- [INSTRUCTIONS TO FOLLOW]: Write out exactly the lines below from the one containing "En elegant långärmad" to the last, both ends kept, and nothing more; skip all pictures.
GIVEN MATERIAL Block Start
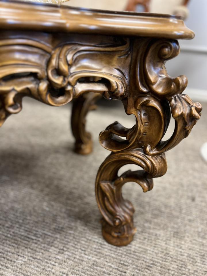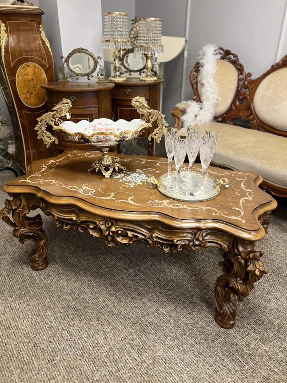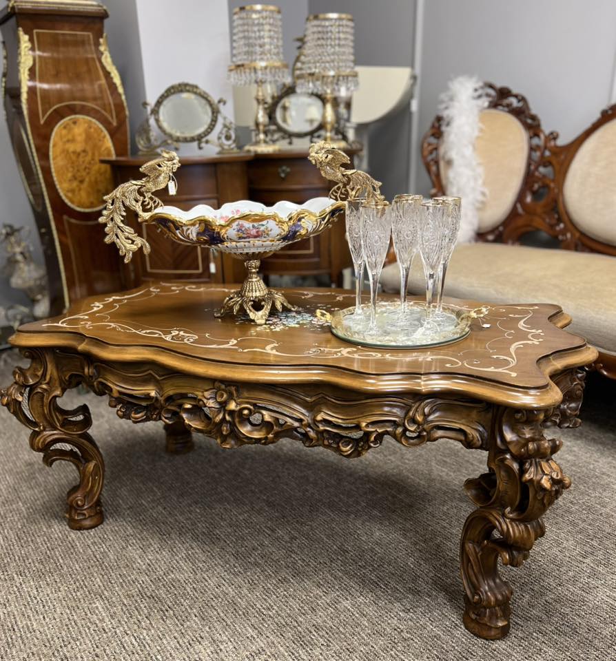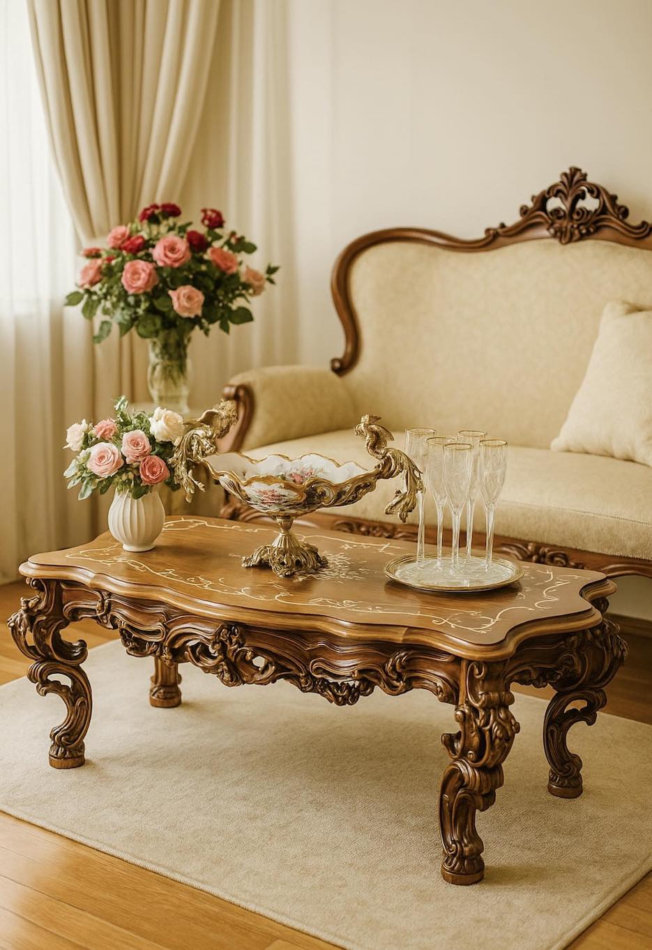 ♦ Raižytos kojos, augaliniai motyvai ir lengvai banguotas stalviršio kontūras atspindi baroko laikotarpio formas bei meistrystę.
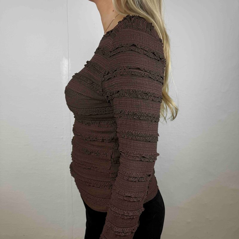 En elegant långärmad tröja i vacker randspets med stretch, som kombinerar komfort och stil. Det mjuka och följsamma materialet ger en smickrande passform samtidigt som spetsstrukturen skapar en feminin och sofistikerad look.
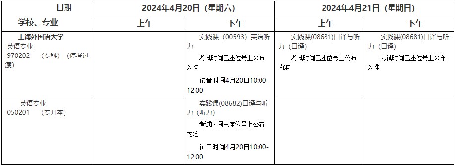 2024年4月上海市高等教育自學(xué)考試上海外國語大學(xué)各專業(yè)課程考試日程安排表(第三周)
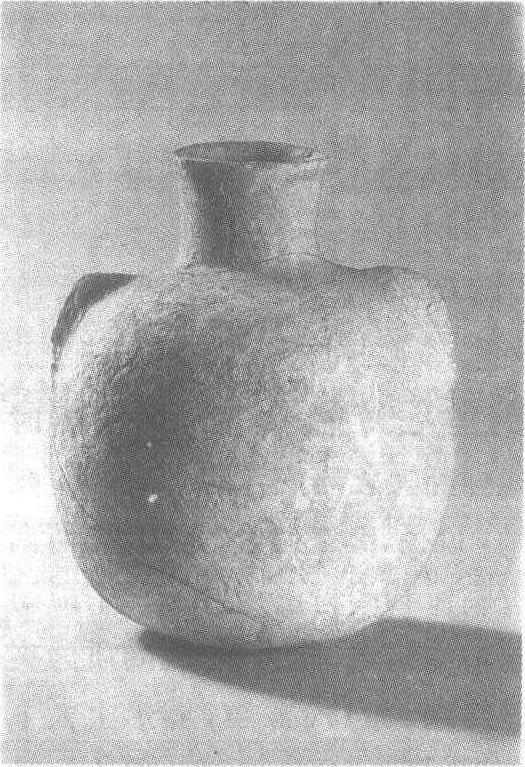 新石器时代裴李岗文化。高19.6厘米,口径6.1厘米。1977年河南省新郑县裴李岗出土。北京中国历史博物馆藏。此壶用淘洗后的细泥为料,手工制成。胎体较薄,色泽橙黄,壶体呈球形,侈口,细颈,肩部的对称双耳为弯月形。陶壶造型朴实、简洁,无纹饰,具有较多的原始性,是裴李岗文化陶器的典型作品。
GIVEN MATERIAL Block End
- [ANSWER FOR THIS EXERCISE]:
 En elegant långärmad tröja i vacker randspets med stretch, som kombinerar komfort och stil. Det mjuka och följsamma materialet ger en smickrande passform samtidigt som spetsstrukturen skapar en feminin och sofistikerad look.
 2024年4月上海市高等教育自學(xué)考試上海外國語大學(xué)各專業(yè)課程考試日程安排表(第三周)
 新石器时代裴李岗文化。高19.6厘米,口径6.1厘米。1977年河南省新郑县裴李岗出土。北京中国历史博物馆藏。此壶用淘洗后的细泥为料,手工制成。胎体较薄,色泽橙黄,壶体呈球形,侈口,细颈,肩部的对称双耳为弯月形。陶壶造型朴实、简洁,无纹饰,具有较多的原始性,是裴李岗文化陶器的典型作品。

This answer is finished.